Status: Fixed » Closed (fixed)

Automatically closed -- issue fixed for two weeks with no activity.

seanr’s picture

Status: Closed (fixed) » Active

This no longer matches the current code in the 5.x branch. I'm unable to find any preg_replace or similar in that function now.

jeff h’s picture

Since this is very often going to be used as the data-export half of a data migration using the node_import module, I find it odd that we can't get a "cleaner" export. Maybe I am both naive and lucky :) but doing the following worked fine for me, with lots of nodes all with embedded full HTML, line breaks etc

Comment out the line:

$values[] = '"' . str_replace('"', '""', decode_entities(strip_tags($value))) . '"';

and replace with:

$values[] = $value;

Change the print statement at the end to:

print implode($comma, $values) ."%recordseparator%";

and change the $comma definition to:

$comma = t(',%CONTENTSEPARATOR%');

Then you can tell the node_import module that your field separators are ,%CONTENTSEPARATOR% (note the leading comma; I left that in so it is still strictly speaking a CSV ie comma-sep file), and use %recordseparator% for your record separator.

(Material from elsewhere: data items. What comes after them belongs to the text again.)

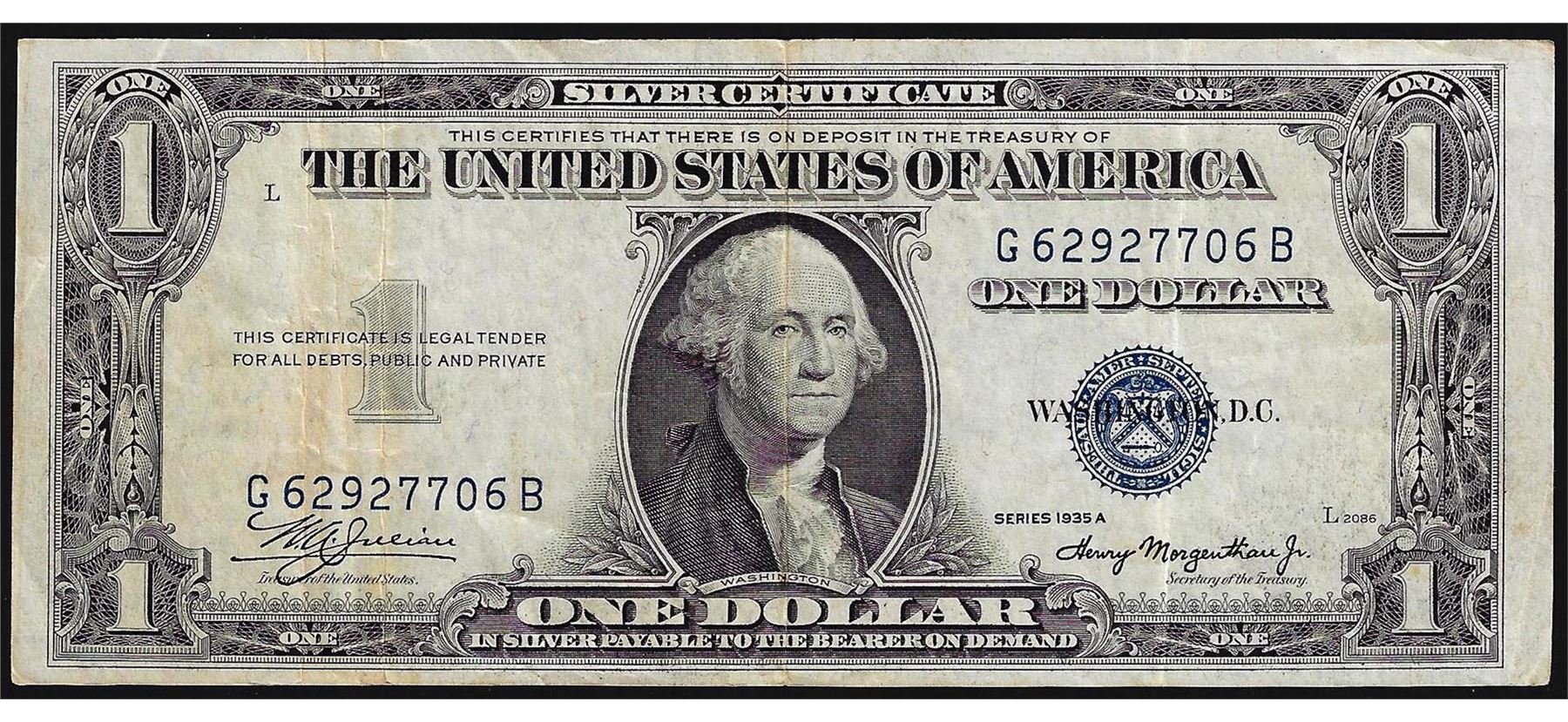 One 1935A $1 Silver Certificate Note Misaligned Reverse ERROR.
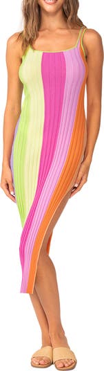 This vibrantly colorblocked midi dress is knit in a stretchy rib stitch that gives the cover-up its figure-loving fit and lets you show off a sun-kissed thigh with a soaring slit.
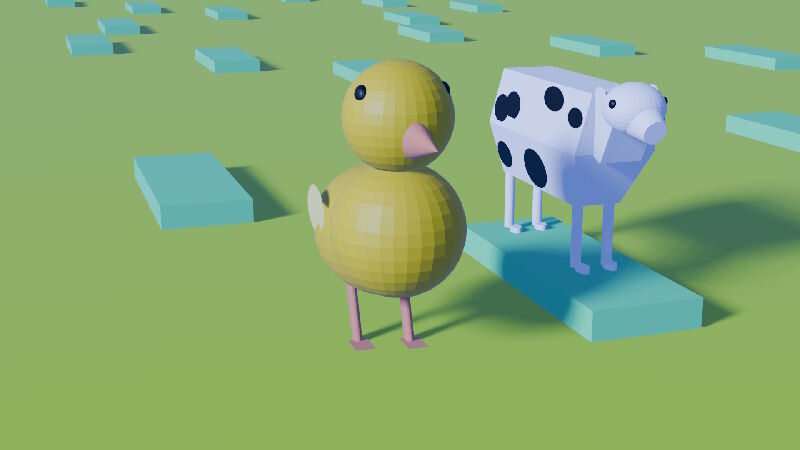 Трехмерная сцена на сегодня по мотивам поля и трехмерных зверят. Добрые зверята уже ждут тебя в поле. Летом на даче! Они сейчас тоже праздную новый год! Вот коровка весело махает хвостиком и говорит – “Муууу!!!”. И улыбается. Утенок прибежал в поле. Крылышками махает. И прыгает! Утенок любит бегать и прыгать! А еще новый год в поле. Тут такое лето.
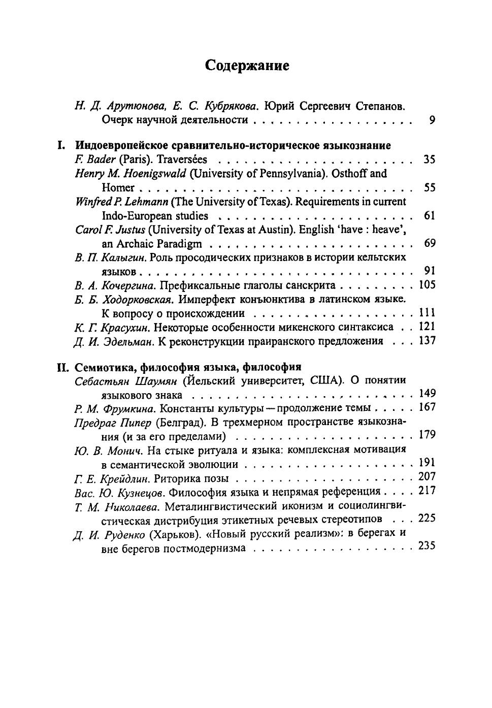 Сборник включает статьи на темы, поднятые в научном творчестве лингвиста, философа языка и культуролога академика Ю. С. Степанова. Это работы по теоретической лингвистике, индоевропейскому сравнительно-историческому языкознанию, семиотике, философии, философии языка, искусствознанию и литературоведению. Особое внимание уделяется греко-индоиранскому языкознанию, вопросам литовского языка, интерпретации текста, семантической типологии, литературе и искусству (Гоголь, Достоевский, Лопе де Вега, Пруст, Веласкес, Суриков). Книга адресуется широкому кругу семиологов, лингвистов, философов, литературоведов и искусствоведов.
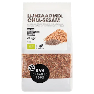 Ingrediënten: Gemalen lijnzaad* 66%, SESAMZAAD* 24%, chiazaad* 10% (Salvia Hispanica), *=biologisch

It worked fine for me. Hope it helps someone.

Jeff

neclimdul’s picture

Jeff is mostly right, That is the line that you should change. It is in a theme function so I would override that as you would any-other theme function.

Just to be clear, the paired quotes is the way its documented in the CSV RFC. I'm not sure why node_import wouldn't follow this.

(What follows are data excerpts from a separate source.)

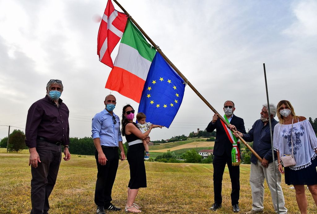 Durante la nuova presentazione della rivista 'Astigiani, Nicolò, nato il 17 marzo 2020, in braccio ai genitori, ha issato simbolicamente l’asta con le tre bandiere (la biancorossa astigiana, il Tricolore e quella europea) che da sabato segna il grande terreno dove prenderà vita il Bosco degli Astigiani.
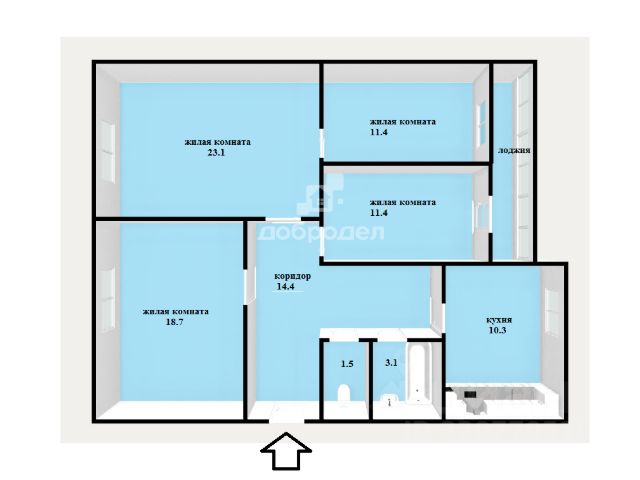 Очень удобное планировочное решение, три изолированные комнаты - 18,7 кв.м, 11,4 кв.м и 11,4 кв.м. и одна смежная - 23,1 кв.м - идеально для большой семьи или возможности зонирования. Светлая, уютная кухня площадью 10,3 кв.м. Сан.узел раздельный. Имеется большая лоджия, где можно наслаждаться видами голубого неба и красотой зелёного леса - это не только шикарный вид, но и свежий воздух, ощущение близости с природой, источником вдохновения и сил. Здесь настоящий простор для гармоничной семейной жизни.
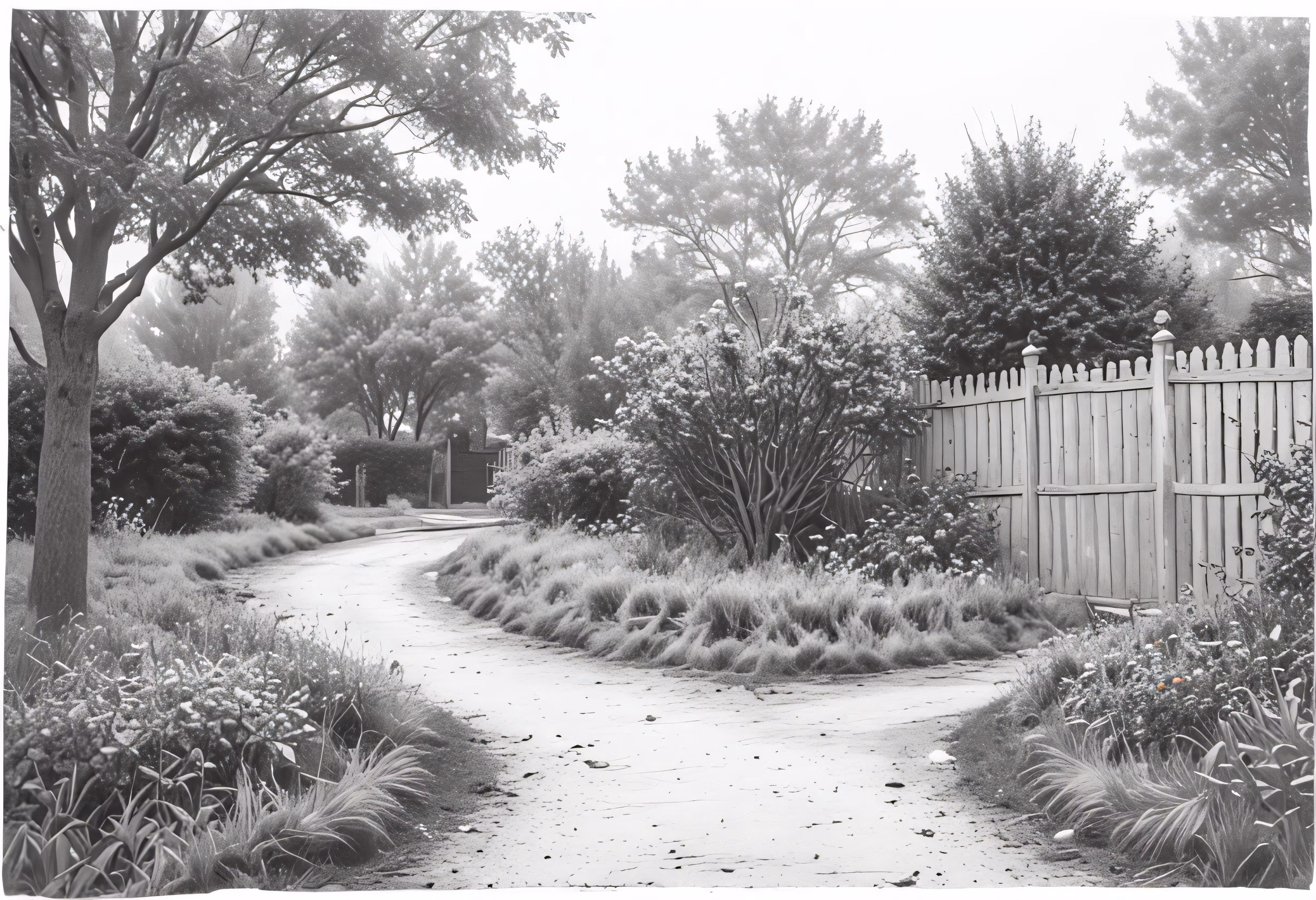 High resolution picture, free to use, an outdoor garden has a path with shrubbery around it
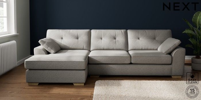 7.2.10 Stamford Buttoned Back Large Sofa Chaise - Left Hand Woven Chenille Easy Clean Light Grey Large Square Angle - Light | Made Click here to use our website with more accessibility support, for example screen readers
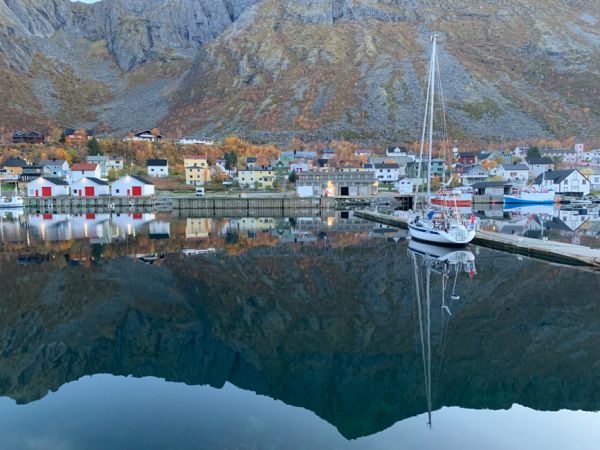Das Wasser glatt wie ein Spiegel, die Hänge der Hügel beidseits des Sundes in den prächtigsten Herbstfarben. Nach 10 nm kommt Wind auf, perfekt, wir segeln die nächsten 7 Meilen bis vor den Hafen in Sommarøy. einer kleinen Insel vor Senja. Der kleine, geschützte Steg hat Platz für 2 Segelboote, beim Campingplatz nebenan wird die Hafengebühr entrichtet, da sind auch die Sanitäranlagen mit Dusche (10nok) und Waschmaschine.
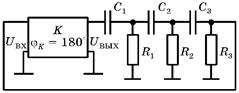 Значит, для обеспечения сдвига фаз 180° достаточно использовать две такие ячейки. Однако в этом случае коэффициент передачи цепи будет стремиться к нулю, что в автогенераторах затруднит выполнение баланса амплитуд. Поэтому компромиссным считается использование трех RC-ячеек, сдвиг фазы в каждой из которых выбирают близким к 60°, тогда суммарный сдвиг фаз составит 180°. Если, как и раньше, в качестве усилителя использовать каскад, создающий сдвиг фаз 180°, то общий сдвиг фаз составит 360° и баланс фаз будет выполнен.

I'm also curious why this is an issue since node_import does its own exporting.

jeff h’s picture

I'm also curious why this is an issue since node_import does its own exporting.

Hmm, I don't believe node_import does exporting; please correct me if I'm wrong. There are several discussions in its issue queue about how to export data in the first place, and it seems to me that the only reliable batch-able way is creating a view with this module.

Jeff

neclimdul’s picture

My mistake, I seem to have been mislead by something I was told about the module. I've reopened an issue in their queue regarding this as I believe it is actually a bug in node_import.
#273939: Correct Way to Escape single and double quotes (' & ")?

bryancasler’s picture

#5 this is exactly what I wanted, but I've tried your patches on the current 5.x dev build, 5.x-1.1 build and the 5.x-1.2-alpha2 build, yet none of those work.

The HTML output in the .doc files is exactly what I want, but I need it in CSV format so that I can import it. I know it's a year+ later, but would you mind looking at your code again and see if something might be missing from it?

dgastudio’s picture

+1

ahtih’s picture

Title: Can an CSV Export Preserve Links, Formatting, Etc. in Fields? » [PATCH] Can an CSV Export Preserve Links, Formatting, Etc. in Fields?
Status: Active » Needs review
FileSize
2.2 KB

Here is a patch (against CVS HEAD) that adds option to enable/disable HTML stripping. The default is "enable", i.e. the old functionality.

Pomliane’s picture

Status: Needs review » Closed (won't fix)

This version of Views Bonus Pack is not supported anymore. The issue is closed for this reason.
Please upgrade to a supported version and feel free to reopen the issue on the new version if applicable.

This issue has been automagically closed by a script.